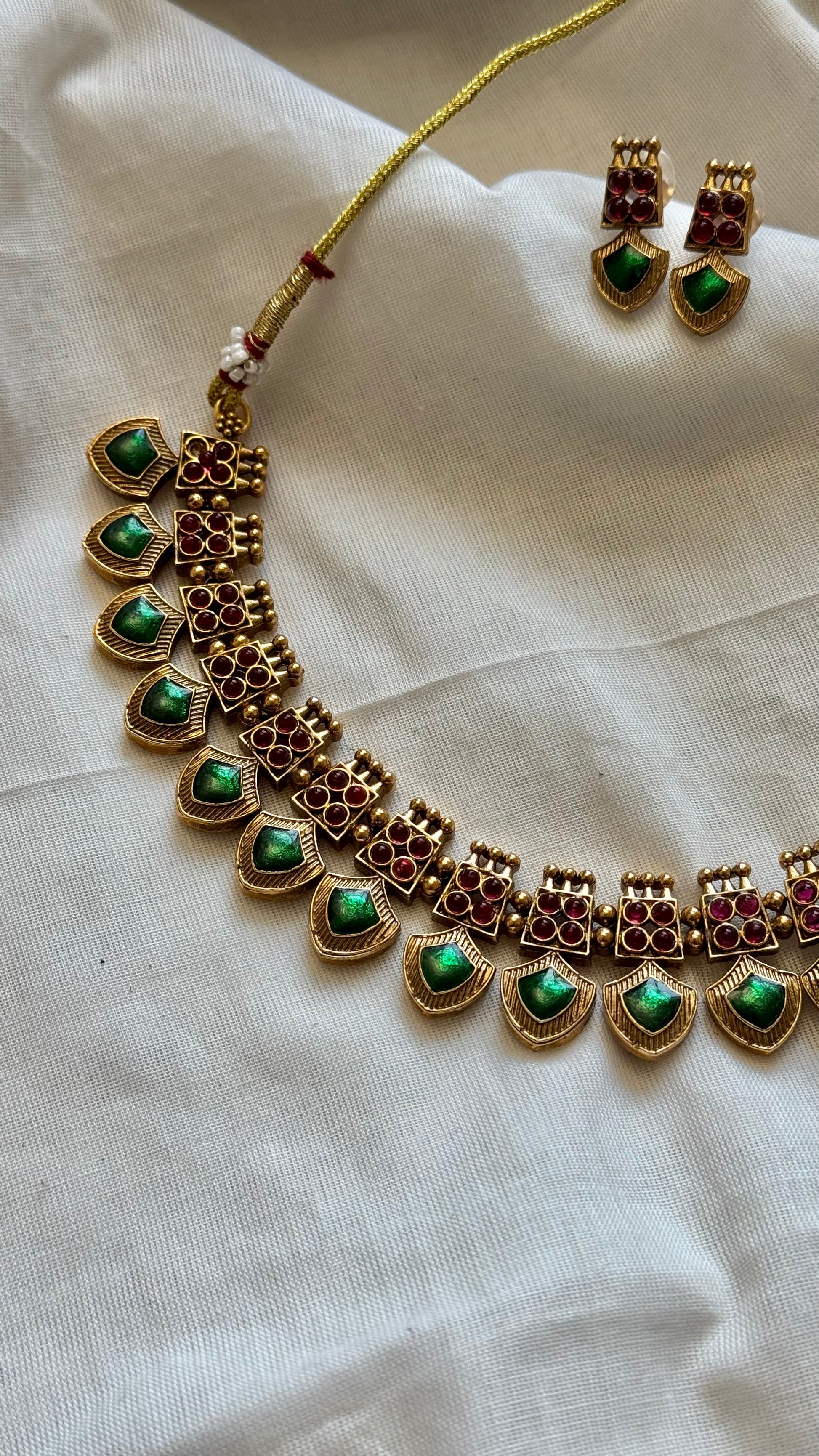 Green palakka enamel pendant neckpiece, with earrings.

--

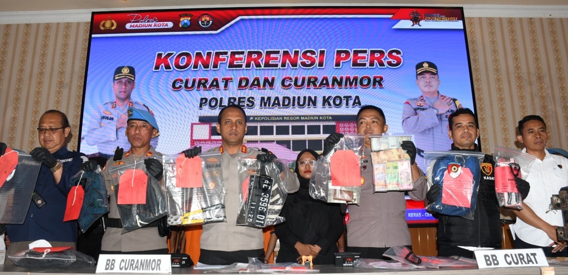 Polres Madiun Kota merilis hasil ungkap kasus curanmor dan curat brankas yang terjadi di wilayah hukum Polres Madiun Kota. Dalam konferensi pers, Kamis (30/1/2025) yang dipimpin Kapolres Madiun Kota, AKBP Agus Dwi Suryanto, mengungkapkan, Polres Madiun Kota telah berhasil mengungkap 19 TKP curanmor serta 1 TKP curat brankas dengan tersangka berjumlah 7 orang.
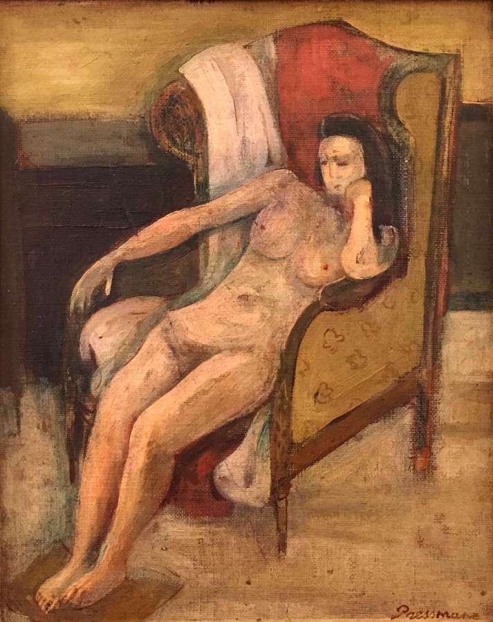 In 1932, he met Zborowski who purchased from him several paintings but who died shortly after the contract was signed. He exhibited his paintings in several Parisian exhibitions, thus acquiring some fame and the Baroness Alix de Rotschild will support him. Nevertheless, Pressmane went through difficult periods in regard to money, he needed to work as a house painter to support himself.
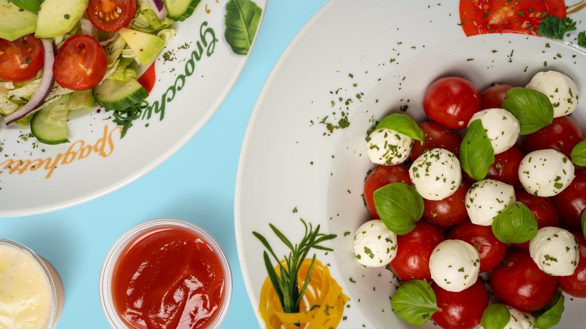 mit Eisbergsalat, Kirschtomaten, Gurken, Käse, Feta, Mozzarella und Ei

◆ Work request
Write out exactly the lines above between the one with "In 1932, he" and the one with "mit Eisbergsalat, Kirschtomaten, Gurken, Käse, Feta, Mozzarella", inclusive, with pictures left out.

◆ Answer space
 In 1932, he met Zborowski who purchased from him several paintings but who died shortly after the contract was signed. He exhibited his paintings in several Parisian exhibitions, thus acquiring some fame and the Baroness Alix de Rotschild will support him. Nevertheless, Pressmane went through difficult periods in regard to money, he needed to work as a house painter to support himself.
 mit Eisbergsalat, Kirschtomaten, Gurken, Käse, Feta, Mozzarella und Ei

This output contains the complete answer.